-- Opening Marker --

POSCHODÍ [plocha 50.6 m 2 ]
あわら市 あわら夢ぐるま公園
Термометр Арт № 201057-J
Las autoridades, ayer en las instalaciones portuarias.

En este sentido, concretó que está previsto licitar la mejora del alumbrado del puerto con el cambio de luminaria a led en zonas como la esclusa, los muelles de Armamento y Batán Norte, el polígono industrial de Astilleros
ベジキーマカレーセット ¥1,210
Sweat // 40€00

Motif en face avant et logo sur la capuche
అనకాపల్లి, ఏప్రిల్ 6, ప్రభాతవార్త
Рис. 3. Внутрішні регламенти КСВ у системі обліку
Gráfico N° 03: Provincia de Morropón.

-- Closing Marker --
-- Opening Marker --

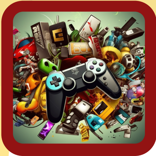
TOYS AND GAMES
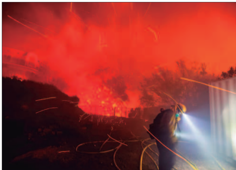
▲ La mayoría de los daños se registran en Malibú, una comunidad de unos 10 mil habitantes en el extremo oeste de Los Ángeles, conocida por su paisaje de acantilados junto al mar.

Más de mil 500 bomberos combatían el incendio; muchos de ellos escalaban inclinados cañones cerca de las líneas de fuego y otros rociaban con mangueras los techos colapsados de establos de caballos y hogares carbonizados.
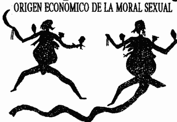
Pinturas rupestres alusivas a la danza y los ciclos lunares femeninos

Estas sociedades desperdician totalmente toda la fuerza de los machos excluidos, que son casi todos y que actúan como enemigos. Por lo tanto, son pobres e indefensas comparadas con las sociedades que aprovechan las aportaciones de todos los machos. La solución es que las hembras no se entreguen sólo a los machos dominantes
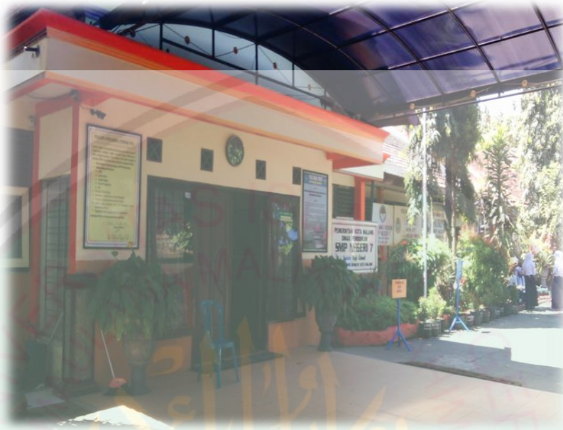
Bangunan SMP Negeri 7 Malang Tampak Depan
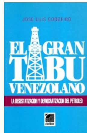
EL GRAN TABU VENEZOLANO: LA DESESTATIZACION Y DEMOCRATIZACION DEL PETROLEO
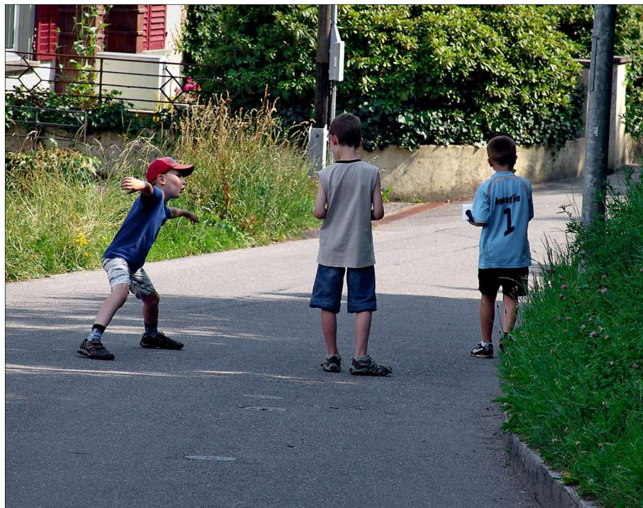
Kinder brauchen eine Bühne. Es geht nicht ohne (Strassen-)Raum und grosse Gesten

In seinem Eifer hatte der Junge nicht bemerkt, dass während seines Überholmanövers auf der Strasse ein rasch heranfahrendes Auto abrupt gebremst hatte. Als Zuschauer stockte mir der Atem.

-- Closing Marker --
-- Opening Marker --

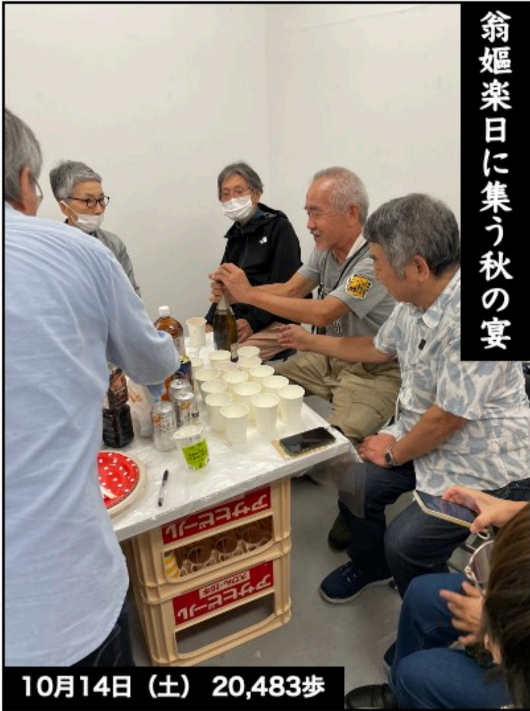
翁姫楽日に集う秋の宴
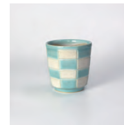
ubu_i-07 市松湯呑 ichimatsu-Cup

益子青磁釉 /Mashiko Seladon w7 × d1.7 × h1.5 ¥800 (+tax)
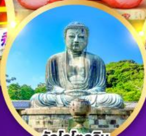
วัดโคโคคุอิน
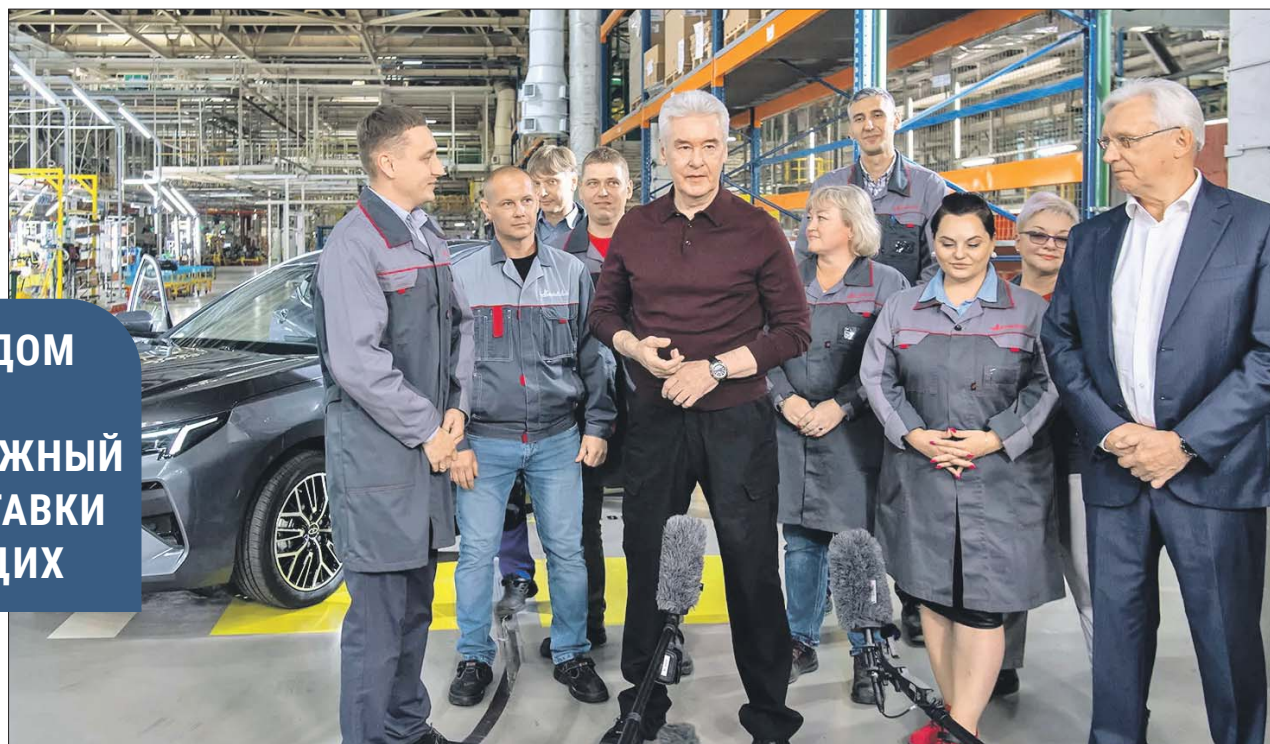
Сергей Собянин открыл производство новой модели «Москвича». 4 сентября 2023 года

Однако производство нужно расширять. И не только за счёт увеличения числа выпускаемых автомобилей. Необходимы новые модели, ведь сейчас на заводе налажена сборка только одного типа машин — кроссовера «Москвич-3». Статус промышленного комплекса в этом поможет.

-- Closing Marker --

PROBLEM TO WORK ON.
From the records above, print exactly the lines that run from the line with "Рис. 3. Внутрішні" to the line with "Gráfico N° 03: Provincia de Morropón.", inclusive.

PROBLEM SOLUTION.
Рис. 3. Внутрішні регламенти КСВ у системі обліку
Gráfico N° 03: Provincia de Morropón.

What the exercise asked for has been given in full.